> _Excerpts from a dataset_
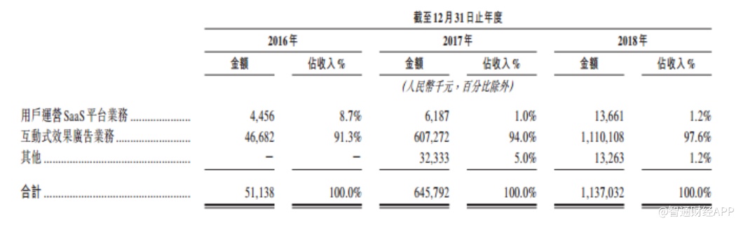 于往绩记录期间,按所得收入计,该公司的互动式效果广告业务取得了快速增长。于2016年、2017年及2018年,其互动式效果广告业务产生的收入占其总收入的百分比分别为91.3%、94%及97.6%。据艾瑞咨询数据,按2018年收入计,该集团占中国整体移动广告市场的0.3%。
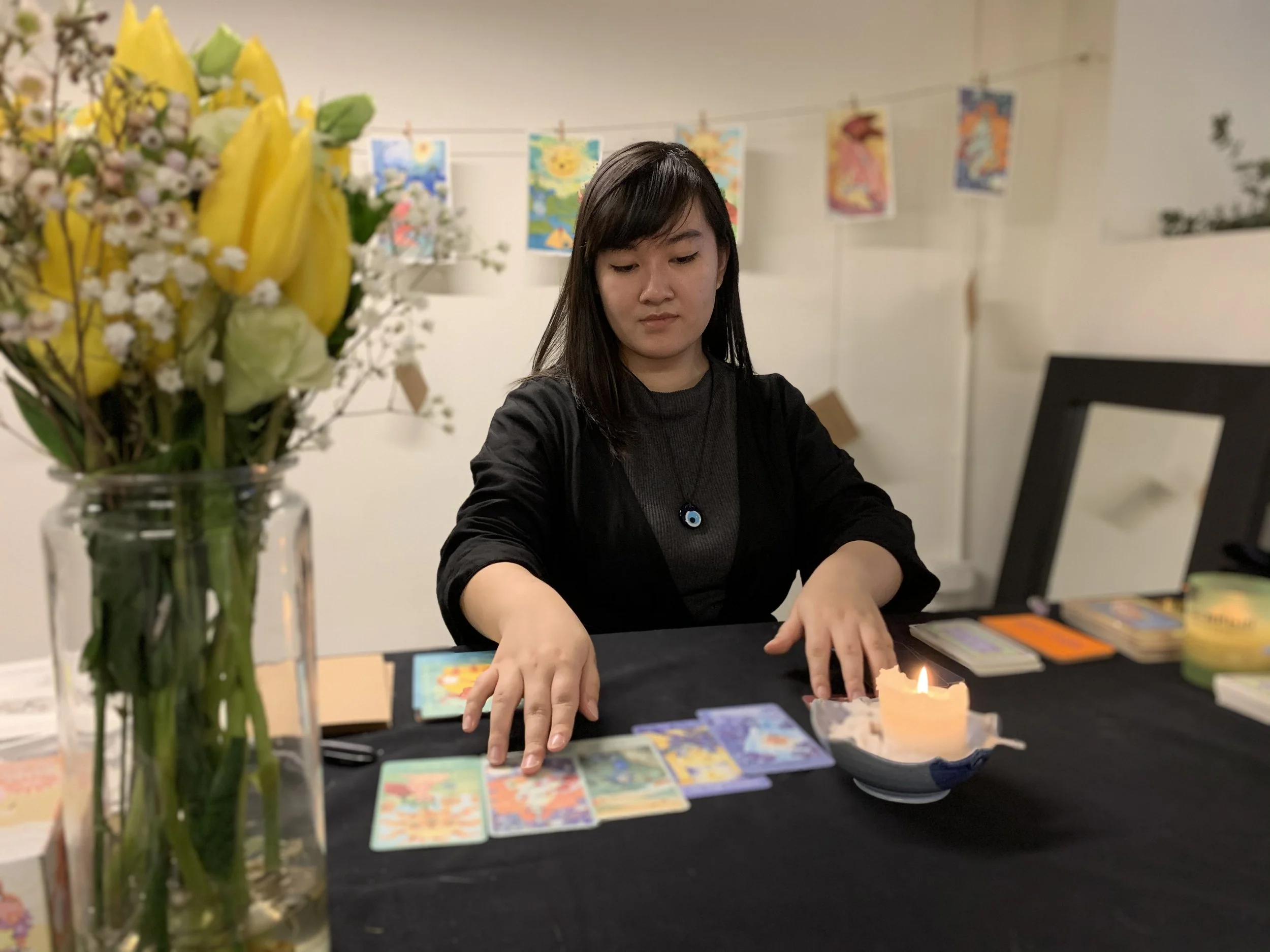 L’Œil de L’Âme Tarot is a contemporary reimagining of the tarot that emphasises the fluidity of watercolour and the depth of the subconscious. Developed over two years, the deck features 86 cards that weave together art history, theatre, dreamscapes, and the artist's own experiences. It is currently in the collection of Tate Library, Asia Art Archive, and the College of Psychic Studies.
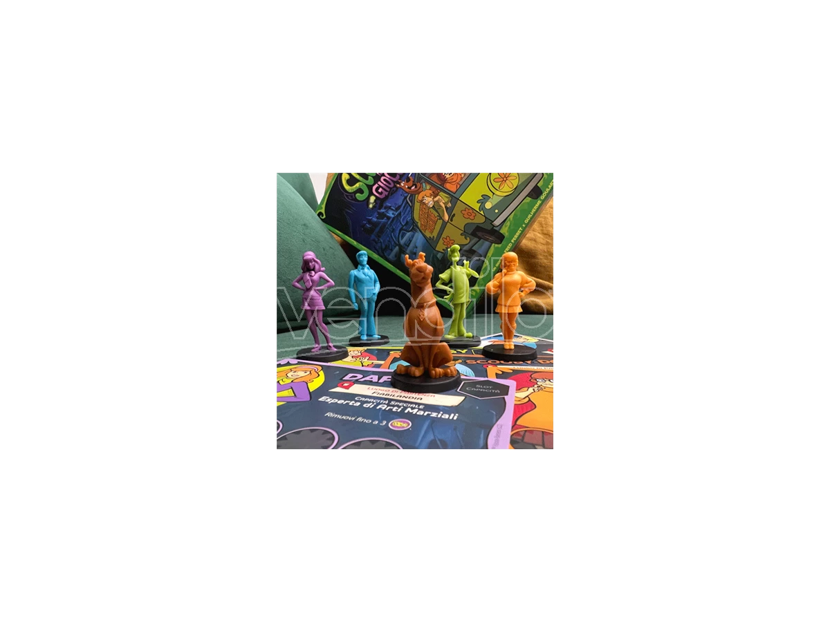 Contenuto: 1 Tabellone Città, 5 Miniature Banda di Scooby, 1 Mystery Machine, 3 Miniature Mostro, 9 Carte Identità, 30 Carte Banda di Scooby, 12 Carte Mostro, 18 Carte Trappola, 85 Segnalini, 1 Regolamento.
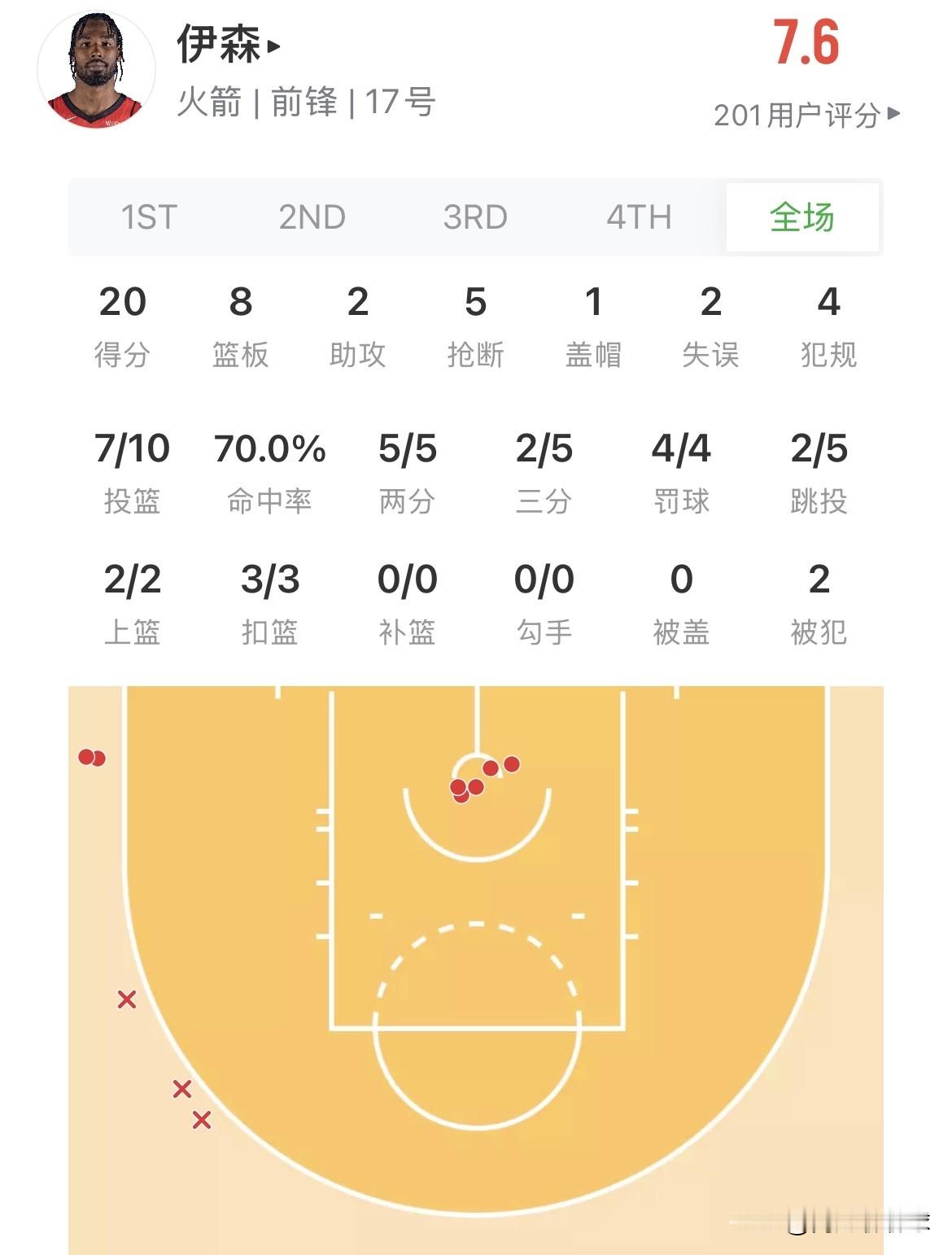 火箭队新星伊森这场表现完全配得上一份顶薪级别的大合同!在今天火箭客场1...
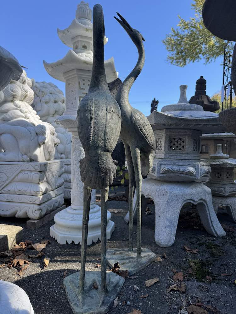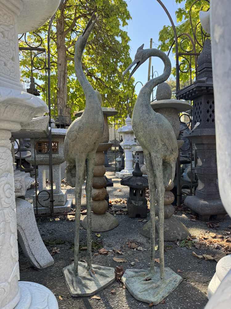 This is a lost wax cast brass piece from Java, Indonesia. Beautiful and graceful look of the cranes. A wonderful pair inside or featured in a garden – it can last through the winters. Over time, if left outside it will continue to verdigris (change color due to exposure to the elements).
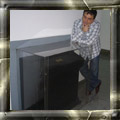 "Manuel Lozano, pensativo, junto al xinofón de Canaro" - (Foto de Dominique Destraud, 7-V-2009) |
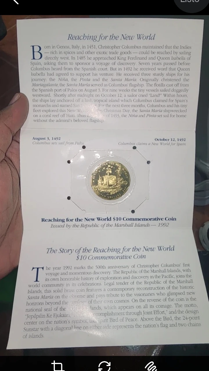 Selling a Reaching for the New World $10 Commemorative Coin issued by the Republic of the Marshall Islands in 1992. This solid brass coin commemorates the 500th anniversary of Christopher Columbus' first voyage and discovery.

> _Directions_
The line containing "This is a lost" and every line after it, up to the last line of the data, should be returned exactly, without the pictures.

> _Solved exercise_
 This is a lost wax cast brass piece from Java, Indonesia. Beautiful and graceful look of the cranes. A wonderful pair inside or featured in a garden – it can last through the winters. Over time, if left outside it will continue to verdigris (change color due to exposure to the elements).
 "Manuel Lozano, pensativo, junto al xinofón de Canaro" - (Foto de Dominique Destraud, 7-V-2009) |
 Selling a Reaching for the New World $10 Commemorative Coin issued by the Republic of the Marshall Islands in 1992. This solid brass coin commemorates the 500th anniversary of Christopher Columbus' first voyage and discovery.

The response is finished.